Show that the square of any positive integer cannot be of the form 5q + 2 or 5q + 3 for any integer q.
Impossible to be \(5q+2\) or \(5q+3\).
Step 1: Express an integer in terms of division by 5.
When any integer \(n\) is divided by 5, the remainder can only be 0, 1, 2, 3, or 4. So, every integer can be written in one of the following forms:
\(n = 5q\), or \(n = 5q + 1\), or \(n = 5q + 2\), or \(n = 5q + 3\), or \(n = 5q + 4\).
Step 2: Square each possibility.
If \(n = 5q\):
\(n^2 = (5q)^2 = 25q^2 = 5(5q^2)\).
This is clearly a multiple of 5, so the remainder is 0 when divided by 5.
If \(n = 5q + 1\):
\(n^2 = (5q + 1)^2 = 25q^2 + 10q + 1 = 5(5q^2 + 2q) + 1\).
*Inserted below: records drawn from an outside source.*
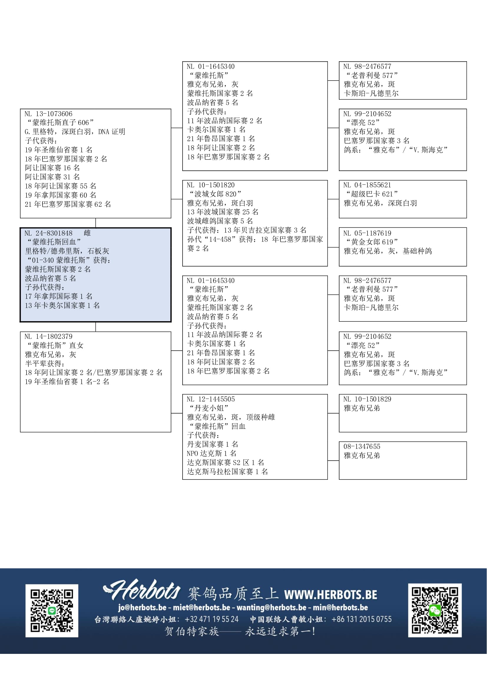 超级种鸽及赛鸽“蒙维托斯”(雅克布兄弟)双重之孙女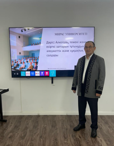 10 ноября 2025 года в Университете «Мирас» старший преподаватель сектора права, кандидат юридических наук Имашев Ботабек Есенбекович провёл лекцию на тему: «Социальные и правовые последствия употребления алкоголя, табака и наркотических средств».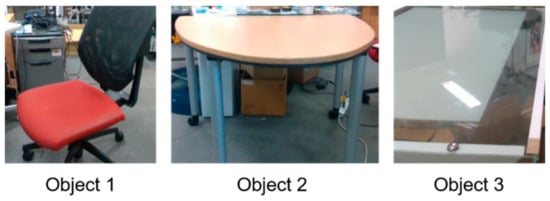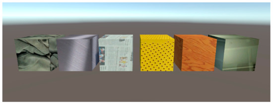 In the actual usage environment, an object was recognized by YOLO v3 [22] from the color image of RealSense worn on the VR headset, and the material was discriminated from the image area of the acquired object, as a result. Therefore, we investigated the accuracy of the material discrimination model, in such a situation. Figure 6 shows an example of the data acquired in the usage environment, and Table 2 lists the accuracy, when the data was recognized, using the trained model. Each item in Table 2 shows the ratio classified into each material, as a result of verifying each object with multiple images.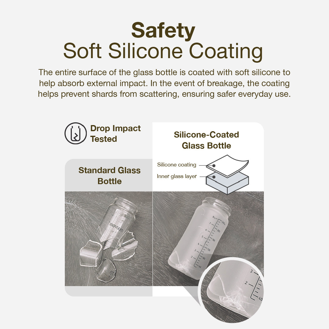 1. Safety Soft Silicone Coating: the entire surface of the glass bottle is coated with silicone. This cushions external impacts and in the event of accidental breakage, helps prevent glass fragments from scattering, ensuring safe use.

So the remainder is 1 when divided by 5.
If \(n = 5q + 2\):
\(n^2 = (5q + 2)^2 = 25q^2 + 20q + 4 = 5(5q^2 + 4q) + 4\).
So the remainder is 4 when divided by 5.
If \(n = 5q + 3\):
\(n^2 = (5q + 3)^2 = 25q^2 + 30q + 9 = 25q^2 + 30q + 5 + 4\).
= \(5(5q^2 + 6q + 1) + 4\).
So the remainder is also 4 when divided by 5.
If \(n = 5q + 4\):
\(n^2 = (5q + 4)^2 = 25q^2 + 40q + 16 = 25q^2 + 40q + 15 + 1\).
= \(5(5q^2 + 8q + 3) + 1\).
So the remainder is 1 when divided by 5.
Step 3: Collect the results.
Therefore, depending on the form of \(n\), the possible remainders of \(n^2\) when divided by 5 are only:
0, 1, or 4.
Step 4: Compare with the given forms.
If \(n^2\) were of the form \(5q + 2\), its remainder upon division by 5 would be 2. Similarly, if \(n^2\) were of the form \(5q + 3\), its remainder would be 3.
But we have just shown that the remainder can only be 0, 1, or 4.
Conclusion. Hence, the square of any positive integer can never be of the form \(5q + 2\) or \(5q + 3\).